A meeting of Caesar and Christ

Robert Tanitch reviews The Inn at Lydda at Shakespeare’s Globe Theatre, London SE1

When the Pharisees tried to trick Jesus by asking him if people should or should not pay taxes to Caesar, Jesus famously replied: “Render unto Caesar the things that are Caesar’s and unto God the things that are God’s.”

Samuel Collings (Jesus) in The Inn at Lydda - Photo by Marc Brenner

Samuel Collings (Jesus) in The Inn at Lydda

The Caesar Jesus was referring to was the stern, taciturn and highly unpopular Roman Emperor Tiberius, described by Pliny as “the gloomiest of men.”

John Wolfson bases his play on an incident recorded in a book called The Death of Pilate which can be found in the New Testament Apocrypha.

The mortally ill Tiberius (Stephen Boxer) hears Jesus is able to heal the sick and decides to journey to Judea and be healed by Him, only to find, when he arrives in the Holy Land, that he is too late. Jesus had been crucified three days earlier.

Wolfson, curator of rare books and treasured friend of the Globe, imagines a meeting between the risen Christ and the Emperor in a brothel in Lydda and wonders if Christ will heal a brutal mass murderer?

I presumed the play was going to be serious and was much surprised to find it was so trivial, banal and silly.

32 years on the Magi are still alive and haven’t aged. The trio (headed by Joseph Marcell) would not be out of place in Monty Python’s Life of Brian. Similarly, Tiberius’s astrologer (David Cardy) is a role for Frankie Howerd in his Up Pompeii mode.

Caligula (Philip Cumbus) and his pretty dancing catamite (Chris Lew Kum Hoi) are as camp as camp can be. Caligula will become Emperor when Tiberius is dead and it is he, who, in the play’s most arresting speech, prophesies that the carnage created in the next two thousand years by Christians will be far greater than anything done by the Roman Empire.

John, the apostle (Matthew Romain) who describes himself as a writer and teacher, is already quite mad and wearing an off-the shoulder blazing red evening gown.  It is John, who witnesses the meeting between Christ and Tiberius; and it is listening to what Christ says which will inspire him to write the apocalyptic Book of Revelation.

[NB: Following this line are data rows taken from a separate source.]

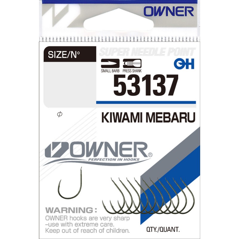 Owner Kiwami Mebaru 53137 – серия тонких одинарных крючков, изготовленных из высококачественной углеродистой стали. Крючки Owner 53137 имеют широкий округлый загиб, кованый поддев, загнутое в сторону цевья длинное жало, короткое цевье с удобной для привязывания лопаткой и защитное покрытие зеленого цвета. Owner Kiwami Mebaru с успехом используются в донных и поплавочных оснастках для ловли крупной рыбы на объемные насадки животного и растительного происхождения. Размерный ряд крючков в серии: от №9 до №3. Острейшей заточки жало и аккуратная бородка гарантируют эффективную подсечку и уверенное удержание клюнувшего трофея, с минимальным нанесением ему травм.
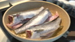 Raw fish being fried in frying pan.Cooking vegetarian meal.
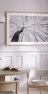 Dieses eindrucksvolle Schwarz-Weiß-Kunstwerk zeigt den Blick vom Waldboden auf hohe Baumstämme und feine Äste, die im Nebel verschwinden. Die Komposition vermischt Geheimnis, Ruhe und die Geometrie der Natur und schafft ein zeitloses Werk, das Stille und die stille Schönheit des Waldes hervorruft.
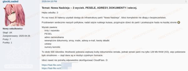 Podsyłacie nam informacje o tym, że na jednym z cyberprzestępczych kanałów na Telegramie pojawiło się ogłoszenie sprzedaży bazy danych OVH, która miała zostać rzekomo wykradziona z “OVH parent’s account” (cokolwiek przez to rozumie autor). W pozyskanych danych ma rzekomo być: 1.6 milionów rekordów dotyczących „świeżych klientów” OVH 5.9 milionów informacji dot. hostowanych stron Zwracamy jednak uwagę, że Octave Klaba, właściciel OVH zdementował że podane przez sprzedawcę przykładowe dane należą […]
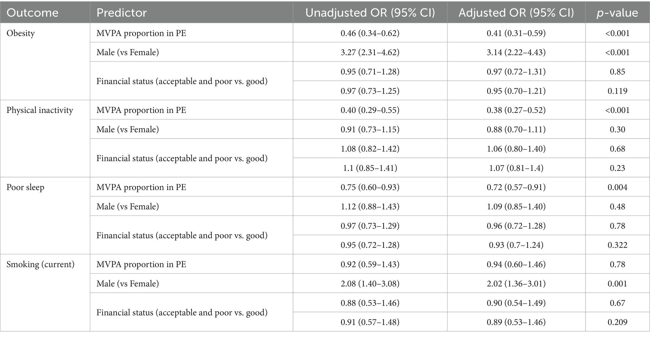 The univariate and multivariate logistic regression analyses were conducted to examine predictors of obesity (BMI ≥ 28), physical inactivity (total physical activity <600 MET-min/week), poor sleep quality (PSQI ≥8), and current smoking status (Table 3). In the multivariate models, a higher proportion of MVPA during PE lessons was significantly associated with lower odds of obesity (adjusted OR = 0.41, 95% CI: 0.31–0.59, p < 0.001), physical inactivity (adjusted OR = 0.38, 95% CI: 0.27–0.52, p < 0.001), and poor sleep quality (adjusted OR = 0.72, 95% CI: 0.57–0.91, p = 0.004). Also, male students had higher odds of obesity (OR = 3.14, 95% CI: 2.22–4.43, p < 0.001) and smoking (OR = 2.02, 95% CI: 1.36–3.01, p = 0.001).
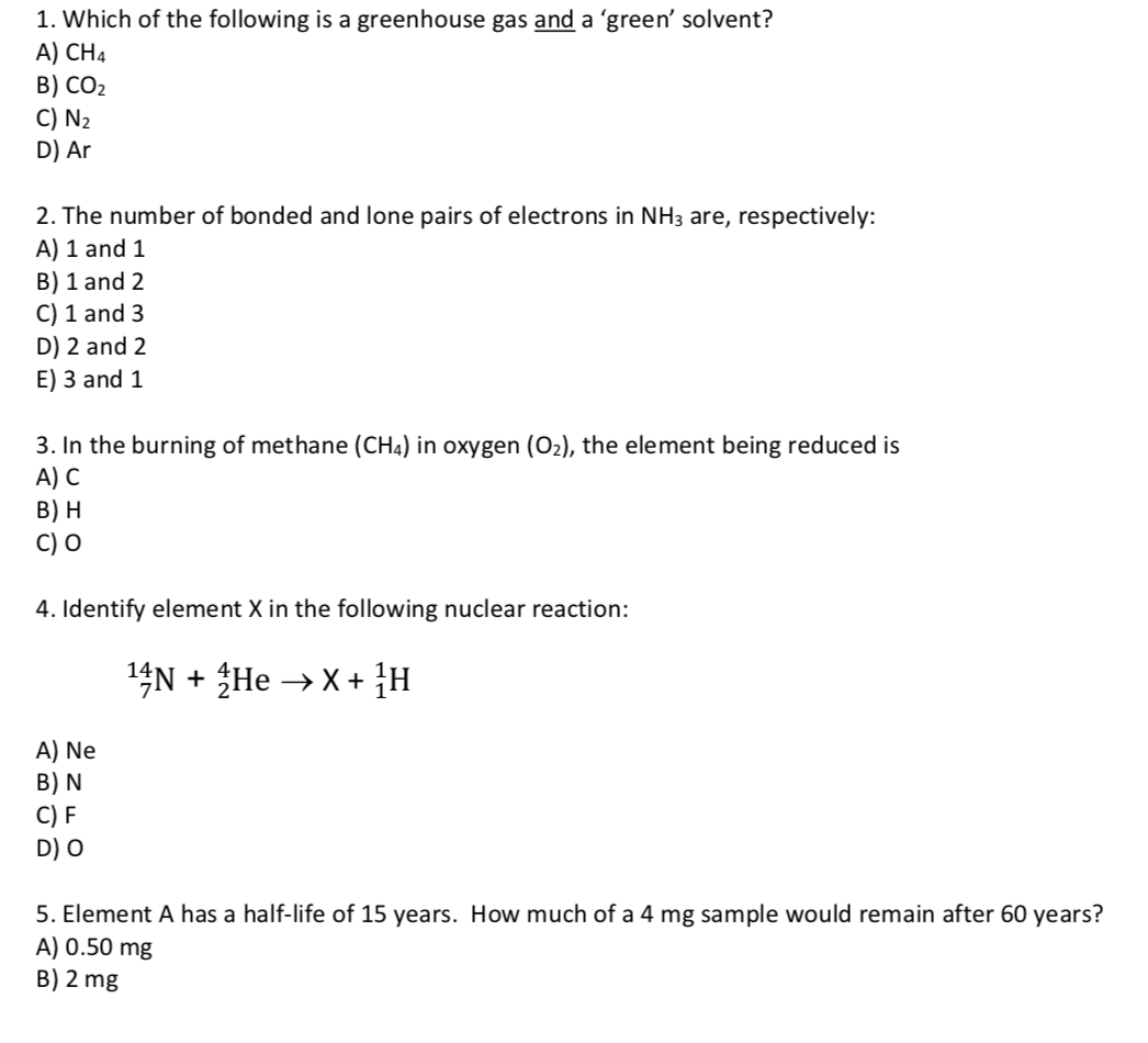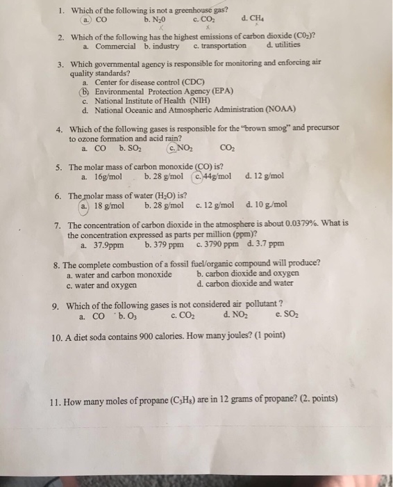 Solved 1 Which Of The Following Is A Greenhouse Gas And A Chegg Com
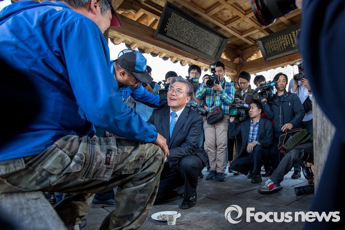 (광주=포커스뉴스) 문재인 더불어민주당 전 대표가 8일 오후 광주시 서구 광주공원 앞에서 주민들과 대화를 나누고 있다.
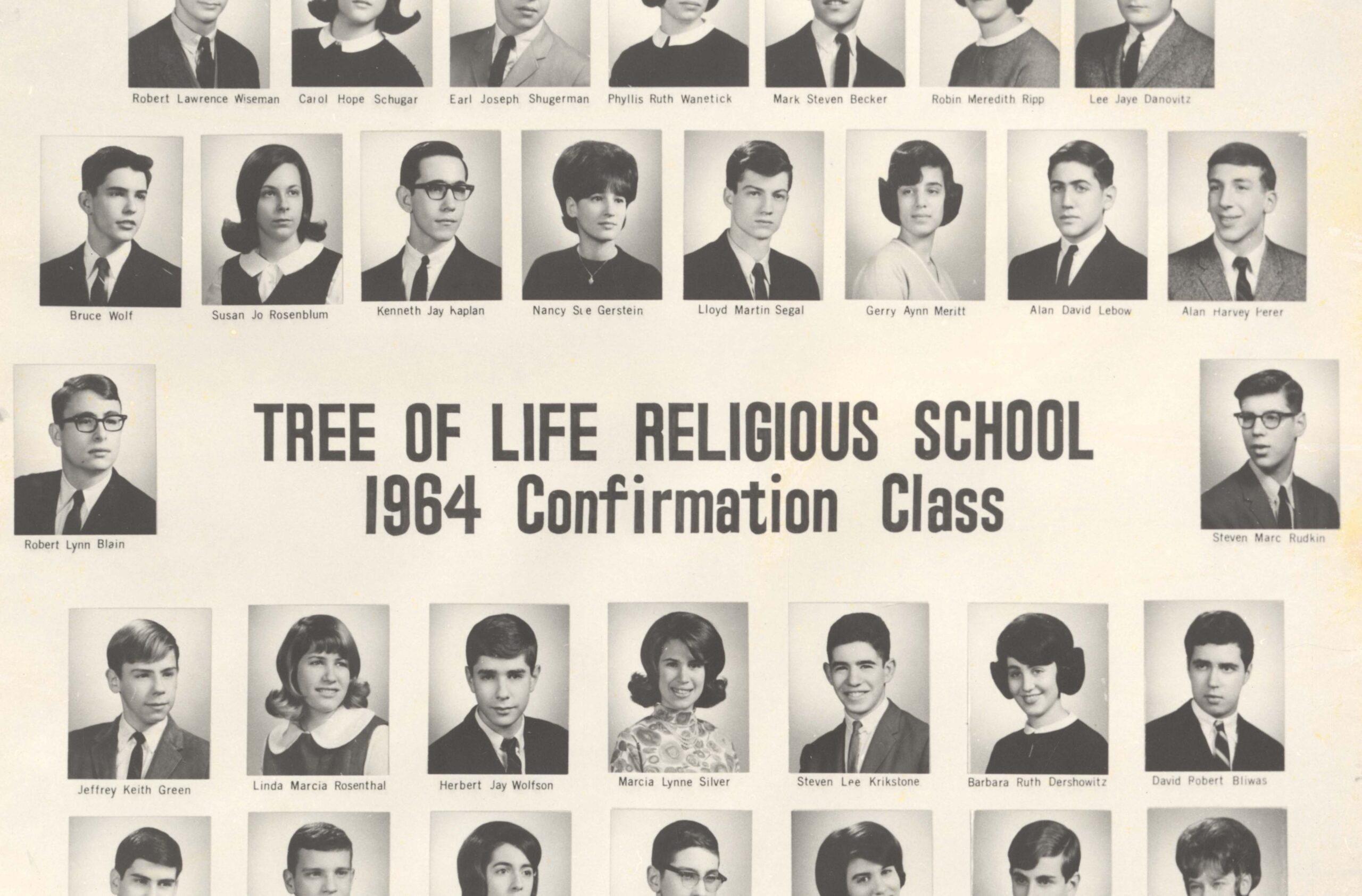 Photograph of the 1964 confirmation class of Tree of Life Congregation of Pittsburgh. Pictured: Robert Lawrence Wiseman, Carol Hope Schugar, Earl Joseph Shugerman, Phyllis Ruth Wanetick, Mark Steven Becker, Robin Meredith Ripp, Lee Jaye Danovitz, Bruce Wolf, Susan Jo Rosenblum, Kenneth Jay Kaplan, Nancy Sue Gerstein, Lloyd Martin Segal, Gerry Ann Meritt, Alan David Lebow, Alan Harvey Perer, Robert Lynn Blain, Steven Marc Rudkin, Jeffrey Keith Green, Linda Marcia Rosenthal, Herbert Jay Wolfson, Marcia Lynne Silver, Steven Lee Krikstone, Barbara Ruth Dershowitz, David Robert Bliwas, Stephen Gurney Fisher, Marc Abraham Dinkin, Beverly Dee Lipscher, David Paul Dobkin, Jeanne Lyn Katz, David Stuart Sobel, and Marsha Gail Markovitz.
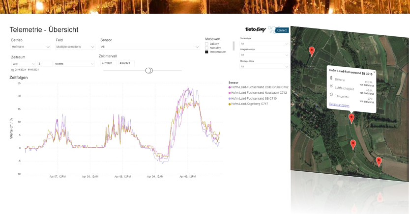 Bei dieser Herausforderung setzt der Digitalisierungsdienstleister TietoEVRY, gemeinsam mit der hierfür gegründeten ARGE FrostStrat, an. Dieses EIP AGRI Projekt (Agricultural European Innovation Partnership) FrostStrat, abgewickelt über BMLRT (Bundesministerium Landwirtschaft, Regionen und Tourismus) besteht aus sechs landwirtschaftlichen Betrieben aus Wein- und Obstbau, den Landwirtschaftskammern Österreich, Burgenland, Niederösterreich und Steiermark, sowie der österreichischen Hagelversicherung VVaG und Microtronics. In Zusammenarbeit werden eingesetzte Frostbekämpfungsverfahren auf ihre Wirksamkeit geprüft und eine digitale Entscheidungshilfe für Wein- und Obstbäuer*innen erarbeitet, welche auf Basis von Temperaturmessungen kleinräumige Prognosen über drohende Frostereignisse ausgeben. Die Wichtigkeit dieses Unterfangens und die Anwendbarkeit für die Landwirtschaft bestätigt auch Christoph Nastl, Betriebsleiter des Bereichs Weingarten beim Weingut Bründlmayer: „Ziel eines jeden Weinbaubetriebes ist es, möglichst früh, also in Echtzeit, Daten für eine bevorstehende Frostnacht zu bekommen, um den Spätfrostschaden zu reduzieren oder im besten Fall völlig abzuwenden.“
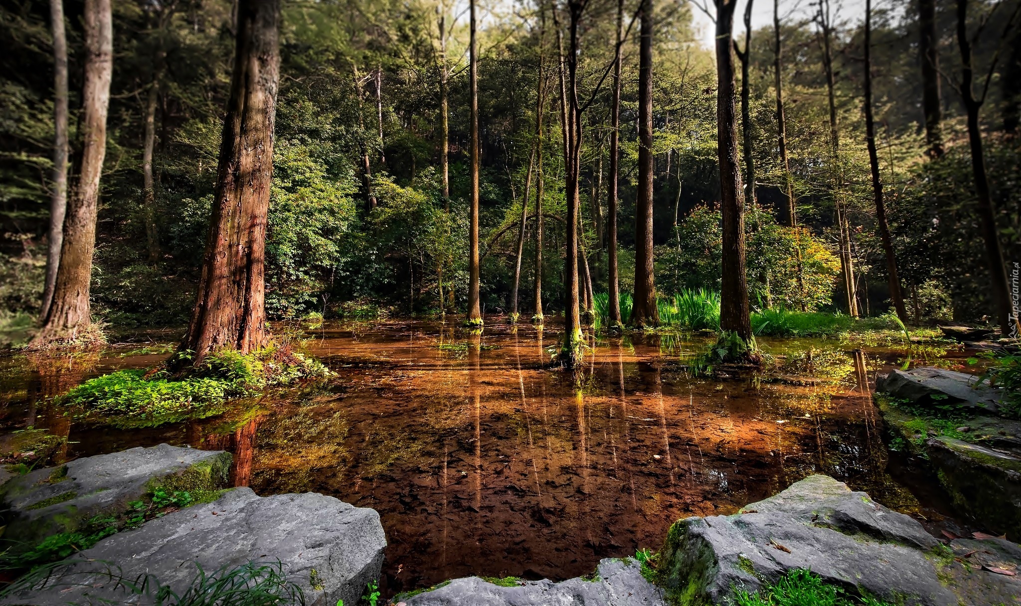 Edytor tapety: Las, Rozlewisko, Kamienie, Przebijające Światło

Robert Tanitch Mature Times theatre reviewerThe Art world and indeed the film world have produced so many images of Christ – El Greco, Leonardo da Vinci, Velazquez, Holman Hunt, Max von Sydow, John Caviezel, etc, etc – which are all quite different and yet conform to the same idea.

But Samuel Collings, wandering around in a white shift, intellectually, physically, is no more believable as Jesus Christ than Declan Bennett was in Jesus Christ Superstar in Regent’s Park in July.